Dad fought a very brave fight against one of the toughest kinds of cancer that exists. He did all of the recommended treatments and tried to beat the odds against this aggressive beast. It's hard to know that with all the treatments and aggravation this summer brought, that he's gone in less than three months.

We've been robbed of many years with Daddy. Worst of all, Eli has been robbed of the gift of more time with Grandad. I haven't told him yet. Every day for the past several weeks, Eli has asked to go to the 'hosipital' to see Grandad. I'm comforted that he's no longer suffering/sick at the hospital but I miss him so much.

Services will be held as follows:

Visitation at St. Gabriel's Catholic Community, McKinney, Texas
7 pm on August 31st

Funeral mass at St. Gabriel's Catholic Community, McKinney, Texas
10 am on September 1st

Online obituary and other info can be found at:
Turrentine Jackson Morrow Funeral Home, McKinney, Texas
www.TJMfuneral.com

One of my favorite songs keeps running through my head tonight:

You who dwell in the shelter of the Lord,
Who abide in His shadow for life,
Say to the Lord, "My Refuge,
My Rock in Whom I trust."

And He will raise you up on eagle's wings,
Bear you on the breath of dawn,
Make you to shine like the sun,
And hold you in the palm of His Hand.

Tuesday, August 25, 2009

I've been waiting

I've been waiting for weeks to get some good news. I've been wishing that the doctors were ALL wrong. I've been hoping that somehow we had an incorrect diagnosis and that radiation/chemo would cure the cancer or at least slow it down.

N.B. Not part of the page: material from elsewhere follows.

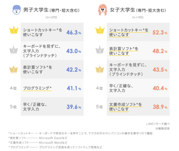 大学生(専門・短大含む)では男女ともに「ショートカットキーを使いこなす」が1位となり、女子大学生では、2位の「表計算ソフト(Microsoft Excelなど)を使いこなす」、5位の「文書作成ソフト(Microsoft Wordなど)を使いこなす」など実務スキル系も高めとなっている。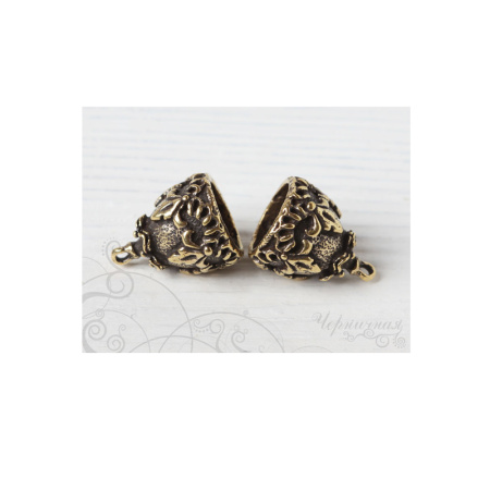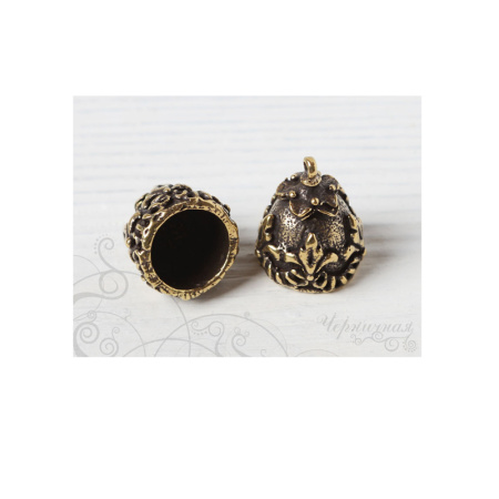 Авторская фурнитура Анны Черных - концевик для вклейки шнуров или лент. Размер: 16,7 х 21,2 мм, внутренний диаметр: 12,4 мм, глубина примерно 13,4 мм, петля: 1,3 мм. Материал: античная латунь. Производство: Россия. Цена указана за 1 шт.

It hasn't happened. The cancer has gotten worse and has continued to spread like wildfire through Daddy's body. It seems that the good news just won't be coming. Unless you think about Daddy going HOME to be with Jesus. Maybe that's the good news - for him. Definitely not for us.

That being said, I don't know how the next few days will play out. The doctors have said that Daddy won't be able to transition off the respirator to a trach as we had thought. I know the doctors aren't always correct but I just don't know what options we have.

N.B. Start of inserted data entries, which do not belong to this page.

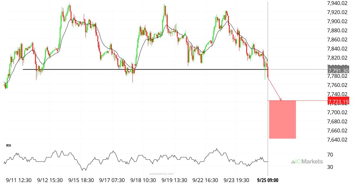 اخترق السعر مستوى الدعم عند 7,791.30 في 9/25 09:00. توقعات بحركة سعرية هبوطية محتملة خلال الـ 1 يوم القادمة نحو 7,723.19. تحذير من المخاطر: ينطوي التداول في الأوراق المالية على مخاطر كبيرة. قد تتقلب الأسعار وقد تفقد الأوراق المالية قيمتها بالكامل. قد تتجاوز الخسائر قيمة الودائع. هذه المنتجات معقدة وتتطلب معرفة مناسبة.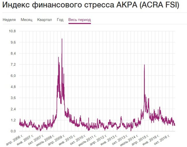 АКРА выделяет пять основных проявлений финансового стресса: неопределенность в фундаментальных ценах активов, недостаток информации о мотивах и текущем состоянии других участников рынков, асимметрия информации о качестве активов или заемщиках, "бегство в качество" и "бегство в ликвидность".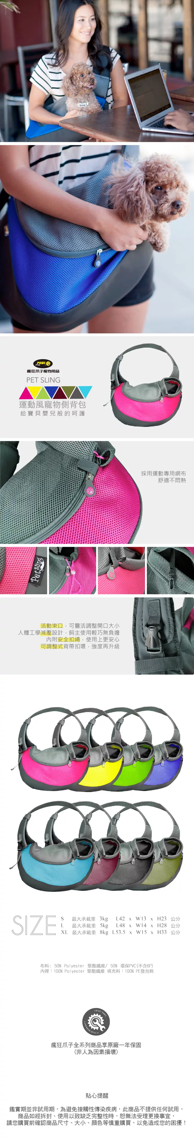 真愛橋評價【crazypaws瘋狂爪子】運動風寵物側背包-S黑

So I will leave you with this:

Peace I leave with you. My peace I give unto you; not as the world gives, do I give to you. Let not your heart be troubled, nor let it be fearful.
John 14:27

When I am afraid, I will put my trust in Thee.
Psalm 56:3

Report

We got some of the pathology reports from Dad's surgery over a week ago. It shows that the cancer is now in his pleuris. (That's the space between his lungs and chest wall where all the fluid has been building up.)

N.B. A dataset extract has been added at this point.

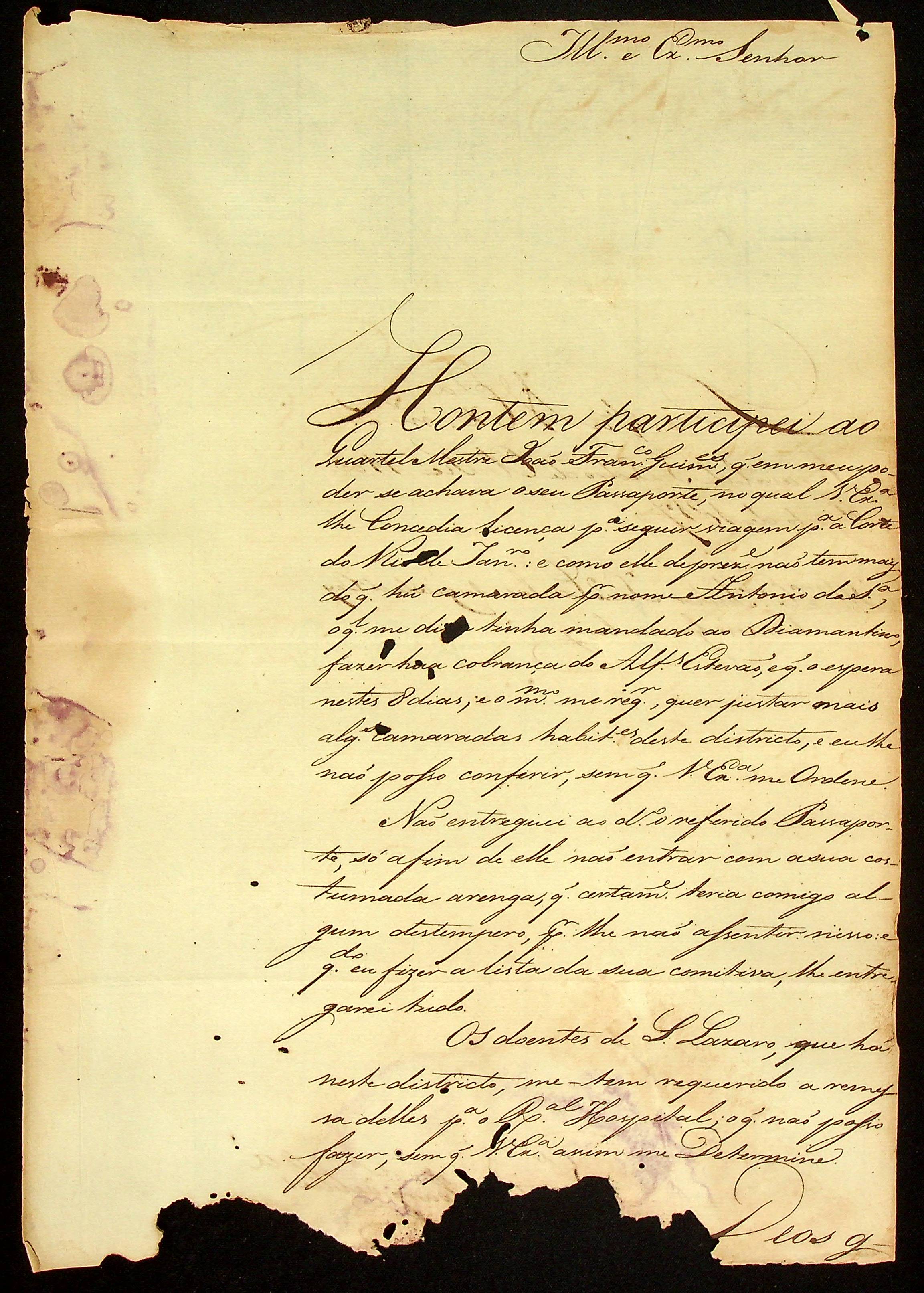 CARTA do [Capitão Comandante Vicente Marques de Oliveira] ao [Governador e Capitão-General da Capitania de Mato Grosso] João Carlos Augusto d’Oeynhausen e Gravenberg.

Last night, he got a new chest tube for the other side so more fluid could be drained from that area. We're hoping that will help him breathe better - on his own.

Speaking of breathing on his own, he wasn't able to do that for very long yesterday. There were many different factors - like the machine settings weren't the same and the staff was different and also that he had more fluid in his chest. So, I don't know whether it's bad that he didn't breathe on his own for very long or good considering the differing factors.

I'm going to choose indifference. I'm going to have faith that we'll get some good news soon.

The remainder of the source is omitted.